Não é impressão nossa: o número de pessoas identificadas como autistas já na fase adulta tem crescido mais a cada dia. Assim como Sabatella, a cantora australiana Sia descobriu o autismo aos 47 anos. Já a atriz e cantora brasileira Leilah Moreno, de 38 anos, foi diagnosticada dentro do espectro após os 25. Aos 36, no ano passado, a jornalista, fotógrafa e ex-BBB Angélica Martins, a Morango, recebia o mesmo diagnóstico.

 

Por que mulheres são diagnosticadas já adultas?

A falta de conhecimento sobre o autismo e suas características faz com que haja uma subnotificação sobre os casos que envolvem o distúrbio, ou seja, o preconceito e o distanciamento da população quanto à temática torna difícil que pais, professores e a comunidade percebam indicativos do transtorno em crianças e recomendem a busca de um profissional.

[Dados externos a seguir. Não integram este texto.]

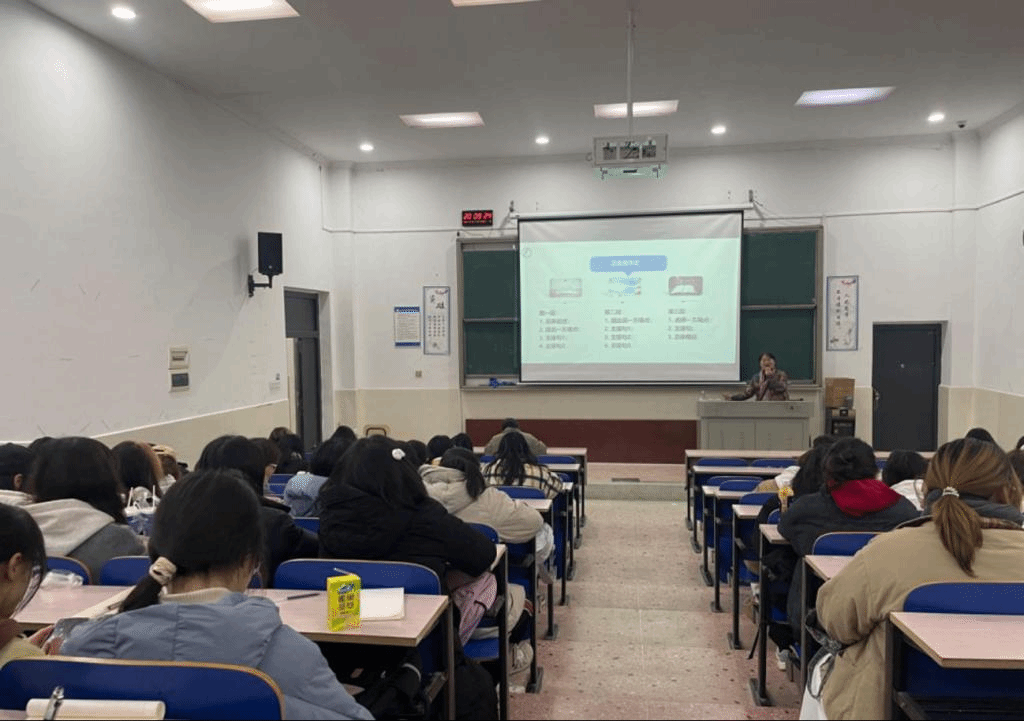 2023年12月12日晚七点,伟的国际1946bv于鹤鸣南111会议室召开四级指导讲座。本次指导讲座由外国语学院副教授,大学英语课程负责人龙君老师,以及外国语学院副教授晏小花老师主讲。伟的国际1946bv学工办老师汪崟崟以及院部九十余名学生积极参加此次指导讲座

Alexandre Pimenta, responsável técnico pela rede AmorSaúde, e que acompanha de perto centenas de diagnósticos todos os dias, destaca que a falta de conhecimento sobre o TEA, faz com que muitas pessoas cheguem à idade adulta sem saberem que possuem um distúrbio.

“O número de diagnósticos de autismo em crianças vem crescendo, mas será que o transtorno é mais comum agora do que era a anos atrás? Grande parte dos especialistas acha que não. É provável que os números tenham aumentado justamente porque agora conhecemos melhor o espectro do que conhecíamos há 30 ou 40 anos, por exemplo. Isso nos faz pensar em todas as pessoas adultas que nunca foram diagnosticadas, e que, portanto, nunca tiveram qualquer tipo de tratamento”, afirma o médico.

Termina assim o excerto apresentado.